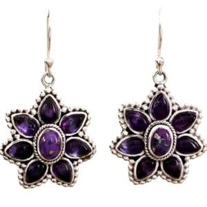 Violet Silver Tone Dangle Earrings Southwest Style Flower
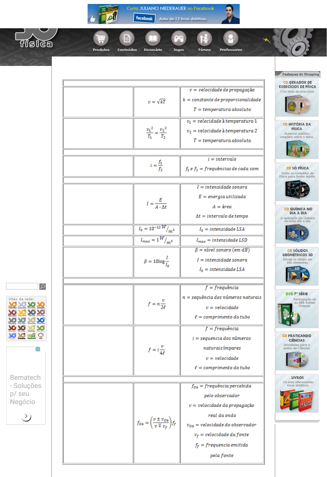 Material de Apoio Mecânica Cinemática Dinâmica Mais [+] Termologia Termometria Calorimetria Mais [+] Óptica Fundamentos Reflexão da luz Mais [+] Ondulatória MHS Ondas Mais [+] Eletromagnetismo Eletrostática Eletrodinâmica Mais [+] História da Física Biografias de Físicos Pratique Jogos Online Exercícios Resolvidos Provas de Vestibular Simulados Online Ajuda Laifis de Física Área dos Professores Fórum de Discussão Fórmulas e Dicas Softwares de Física Dicionário de Física Vídeos Simulações Diversos Física no Cotidiano Curiosidades O Que o Físico Faz? Indicação de Livros Fale Conosco Busca Geral Acústica Velocidade de propagação do som em meios gasosos Velocidade de propagação Velocidade de propagação em um mesmo gás com diferentes temperaturas Intervalo acústico Intervalo entre dois sons Intensidade sonora Intensidade sonora Limiar da sensação audível (LSA) Limiar da sensação dolorosa (LSD) Nível Sonoro Tubos sonoros Tubos abertos Tubos fechados Efeito Doppler Frequência sob efeito Doppler Mais produtos Bematech - Soluções p/ seu Negócio http://www.facebook.com/JulianoNiederauer http://www.sofisica.com.br/conteudos/indice.php http://www.sofisica.com.br/conteudos/Mecanica/Cinematica/velocidade.php http://www.sofisica.com.br/conteudos/Mecanica/Dinamica/leisdenewton.php http://www.sofisica.com.br/conteudos/indice.php http://www.sofisica.com.br/conteudos/indice.php http://www.sofisica.com.br/conteudos/Termologia/Termometria/temperatura.php http://www.sofisica.com.br/conteudos/Termologia/Calorimetria/calor.php http://www.sofisica.com.br/conteudos/indice.php http://www.sofisica.com.br/conteudos/indice2.php http://www.sofisica.com.br/conteudos/Otica/Fundamentos/luz.php http://www.sofisica.com.br/conteudos/Otica/Reflexaodaluz/reflexao.php http://www.sofisica.com.br/conteudos/indice2.php http://www.sofisica.com.br/conteudos/indice2.php http://www.sofisica.com.br/conteudos/Ondulatoria/MHS/movpereosc.php http://www.sofisica.com.br/conteudos/Ondulatoria/Ondas/classificacao.php http://www.sofisica.com.br/conteudos/indice2.php http://www.sofisica.com.br/conteudos/indice2.php http://www.sofisica.com.br/conteudos/Eletromagnetismo/Eletrostatica/cargas.php http://www.sofisica.com.br/conteudos/Eletromagnetismo/Eletrodinamica/corrente.php http://www.sofisica.com.br/conteudos/indice2.php http://www.sofisica.com.br/conteudos/HistoriaDaFisica/indice.php http://www.sofisica.com.br/conteudos/Biografias/indice.php http://www.sofisica.com.br/jogos.php http://www.sofisica.com.br/exercicios.php http://www.sofisica.com.br/provas.php http://www.sofisica.com.br/simulados.php http://www.sofisica.com.br/laifiFisica.php http://www.sofisica.com.br/professores.php http://www.soensino.com.br/foruns/viewforum.php?f=12 http://www.sofisica.com.br/conteudos/FormulasEDicas/indice_formulas.php http://www.sofisica.com.br/softwares.php http://www.sofisica.com.br/conteudos/dicionario/ http://www.sofisica.com.br/videos.php http://www.sofisica.com.br/simulacoes.php http://www.sofisica.com.br/cotidiano.php http://www.sofisica.com.br/curiosidades.php http://www.sofisica.com.br/profissao.php http://www.sofisica.com.br/livros.php http://www.sofisica.com.br/contato.php http://www.virtuous.com.br/produto.php?id=224 http://www.virtuous.com.br/produto.php?id=211 http://www.virtuous.com.br/produto.php?id=189 http://www.virtuous.com.br/produto.php?id=182 http://www.virtuous.com.br/produto.php?id=220 http://www.virtuous.com.br/produto.php?id=80 http://www.virtuous.com.br/produto.php?id=92 http://www.virtuous.com.br/busca.php?busca=livros http://www.virtuous.com.br/ https://www.googleadservices.com/pagead/aclk?sa=L&ai=CCJIdEJDeV6alNsuOxgSg14HoDbjst8lGtp7KxL0DwI23ARABIMOX7gZgzbDggOwCoAHb15XjA8gBCakCsYwOehGHlD6oAwHIAwqqBKkBT9AZVkNf_DjHo6I3i-JD_aFvR4MxmxvrFA6msrDbkDEZkFG7sv--_RZWfpSDkRmmh0RFNyw-NnZwnI8qyAGM6VCPuH4cuQb78Ystj9vQ0l4fVdpm82PoVyJaRCaqAklyBOAmslK9Zfr3GXrkx6nmXO6ZWA5kkjzfzqz3r-twbA0zqpRc1xnGzlIxgEsRjZxlDJfLNQxhLnCJ9iDK_dwC6rnIngL9qShTNYgGAaAGLoAHjajqHKgHgcYbqAemvhvYBwA&num=1&cid=CAASEuRojsq_MFVCRO_SJ-yKoyg_7w&sig=AOD64_386furd9gIaJHr8k9oyHPd3qYMZw&client=ca-pub-8501993473232048&adurl=http://www.bematech.com.br/ Curta nossa página nas redes sociais! Sobre nós | Política de privacidade | Contrato do Usuário | Anuncie | Fale conosco Copyright © 20082016 Só Física. Todos os direitos reservados. Desenvolvido por Grupo Virtuous. http://www.sofisica.com.br/conteudos/FormulasEDicas/formulas13.php http://www.sofisica.com.br/conteudos/FormulasEDicas/formulas15.php https://www.facebook.com/GrupoVirtuous https://twitter.com/GrupoVirtuous http://www.sofisica.com.br/sobrenos.php http://www.sofisica.com.br/privacidade.php http://www.sofisica.com.br/contrato.php http://www.sofisica.com.br/anuncie.php http://www.sofisica.com.br/contato.php http://www.sofisica.com.br/ http://www.grupovirtuous.com.br/
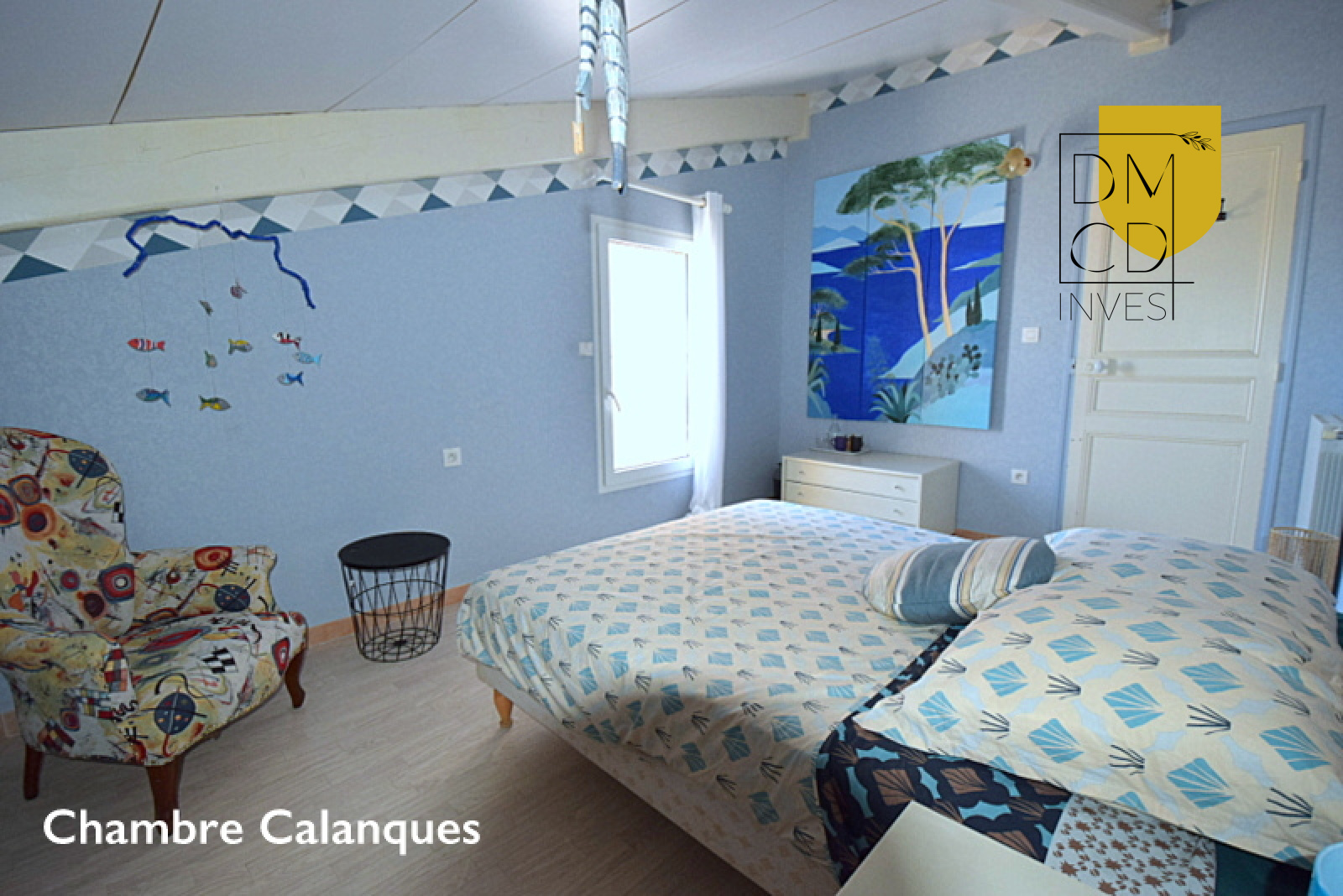 A l'étage, un dégagement distribue 4 chambres, une salle d'eau, des toilettes et une terrasse de 90 m2 avec vue mer.

INSTRUCTIONS TO FOLLOW: Would you print the listing above in full, exactly, but with no pictures?

TASK RESULT:
 Violet Silver Tone Dangle Earrings Southwest Style Flower
 Material de Apoio Mecânica Cinemática Dinâmica Mais [+] Termologia Termometria Calorimetria Mais [+] Óptica Fundamentos Reflexão da luz Mais [+] Ondulatória MHS Ondas Mais [+] Eletromagnetismo Eletrostática Eletrodinâmica Mais [+] História da Física Biografias de Físicos Pratique Jogos Online Exercícios Resolvidos Provas de Vestibular Simulados Online Ajuda Laifis de Física Área dos Professores Fórum de Discussão Fórmulas e Dicas Softwares de Física Dicionário de Física Vídeos Simulações Diversos Física no Cotidiano Curiosidades O Que o Físico Faz? Indicação de Livros Fale Conosco Busca Geral Acústica Velocidade de propagação do som em meios gasosos Velocidade de propagação Velocidade de propagação em um mesmo gás com diferentes temperaturas Intervalo acústico Intervalo entre dois sons Intensidade sonora Intensidade sonora Limiar da sensação audível (LSA) Limiar da sensação dolorosa (LSD) Nível Sonoro Tubos sonoros Tubos abertos Tubos fechados Efeito Doppler Frequência sob efeito Doppler Mais produtos Bematech - Soluções p/ seu Negócio http://www.facebook.com/JulianoNiederauer http://www.sofisica.com.br/conteudos/indice.php http://www.sofisica.com.br/conteudos/Mecanica/Cinematica/velocidade.php http://www.sofisica.com.br/conteudos/Mecanica/Dinamica/leisdenewton.php http://www.sofisica.com.br/conteudos/indice.php http://www.sofisica.com.br/conteudos/indice.php http://www.sofisica.com.br/conteudos/Termologia/Termometria/temperatura.php http://www.sofisica.com.br/conteudos/Termologia/Calorimetria/calor.php http://www.sofisica.com.br/conteudos/indice.php http://www.sofisica.com.br/conteudos/indice2.php http://www.sofisica.com.br/conteudos/Otica/Fundamentos/luz.php http://www.sofisica.com.br/conteudos/Otica/Reflexaodaluz/reflexao.php http://www.sofisica.com.br/conteudos/indice2.php http://www.sofisica.com.br/conteudos/indice2.php http://www.sofisica.com.br/conteudos/Ondulatoria/MHS/movpereosc.php http://www.sofisica.com.br/conteudos/Ondulatoria/Ondas/classificacao.php http://www.sofisica.com.br/conteudos/indice2.php http://www.sofisica.com.br/conteudos/indice2.php http://www.sofisica.com.br/conteudos/Eletromagnetismo/Eletrostatica/cargas.php http://www.sofisica.com.br/conteudos/Eletromagnetismo/Eletrodinamica/corrente.php http://www.sofisica.com.br/conteudos/indice2.php http://www.sofisica.com.br/conteudos/HistoriaDaFisica/indice.php http://www.sofisica.com.br/conteudos/Biografias/indice.php http://www.sofisica.com.br/jogos.php http://www.sofisica.com.br/exercicios.php http://www.sofisica.com.br/provas.php http://www.sofisica.com.br/simulados.php http://www.sofisica.com.br/laifiFisica.php http://www.sofisica.com.br/professores.php http://www.soensino.com.br/foruns/viewforum.php?f=12 http://www.sofisica.com.br/conteudos/FormulasEDicas/indice_formulas.php http://www.sofisica.com.br/softwares.php http://www.sofisica.com.br/conteudos/dicionario/ http://www.sofisica.com.br/videos.php http://www.sofisica.com.br/simulacoes.php http://www.sofisica.com.br/cotidiano.php http://www.sofisica.com.br/curiosidades.php http://www.sofisica.com.br/profissao.php http://www.sofisica.com.br/livros.php http://www.sofisica.com.br/contato.php http://www.virtuous.com.br/produto.php?id=224 http://www.virtuous.com.br/produto.php?id=211 http://www.virtuous.com.br/produto.php?id=189 http://www.virtuous.com.br/produto.php?id=182 http://www.virtuous.com.br/produto.php?id=220 http://www.virtuous.com.br/produto.php?id=80 http://www.virtuous.com.br/produto.php?id=92 http://www.virtuous.com.br/busca.php?busca=livros http://www.virtuous.com.br/ https://www.googleadservices.com/pagead/aclk?sa=L&ai=CCJIdEJDeV6alNsuOxgSg14HoDbjst8lGtp7KxL0DwI23ARABIMOX7gZgzbDggOwCoAHb15XjA8gBCakCsYwOehGHlD6oAwHIAwqqBKkBT9AZVkNf_DjHo6I3i-JD_aFvR4MxmxvrFA6msrDbkDEZkFG7sv--_RZWfpSDkRmmh0RFNyw-NnZwnI8qyAGM6VCPuH4cuQb78Ystj9vQ0l4fVdpm82PoVyJaRCaqAklyBOAmslK9Zfr3GXrkx6nmXO6ZWA5kkjzfzqz3r-twbA0zqpRc1xnGzlIxgEsRjZxlDJfLNQxhLnCJ9iDK_dwC6rnIngL9qShTNYgGAaAGLoAHjajqHKgHgcYbqAemvhvYBwA&num=1&cid=CAASEuRojsq_MFVCRO_SJ-yKoyg_7w&sig=AOD64_386furd9gIaJHr8k9oyHPd3qYMZw&client=ca-pub-8501993473232048&adurl=http://www.bematech.com.br/ Curta nossa página nas redes sociais! Sobre nós | Política de privacidade | Contrato do Usuário | Anuncie | Fale conosco Copyright © 20082016 Só Física. Todos os direitos reservados. Desenvolvido por Grupo Virtuous. http://www.sofisica.com.br/conteudos/FormulasEDicas/formulas13.php http://www.sofisica.com.br/conteudos/FormulasEDicas/formulas15.php https://www.facebook.com/GrupoVirtuous https://twitter.com/GrupoVirtuous http://www.sofisica.com.br/sobrenos.php http://www.sofisica.com.br/privacidade.php http://www.sofisica.com.br/contrato.php http://www.sofisica.com.br/anuncie.php http://www.sofisica.com.br/contato.php http://www.sofisica.com.br/ http://www.grupovirtuous.com.br/
 A l'étage, un dégagement distribue 4 chambres, une salle d'eau, des toilettes et une terrasse de 90 m2 avec vue mer.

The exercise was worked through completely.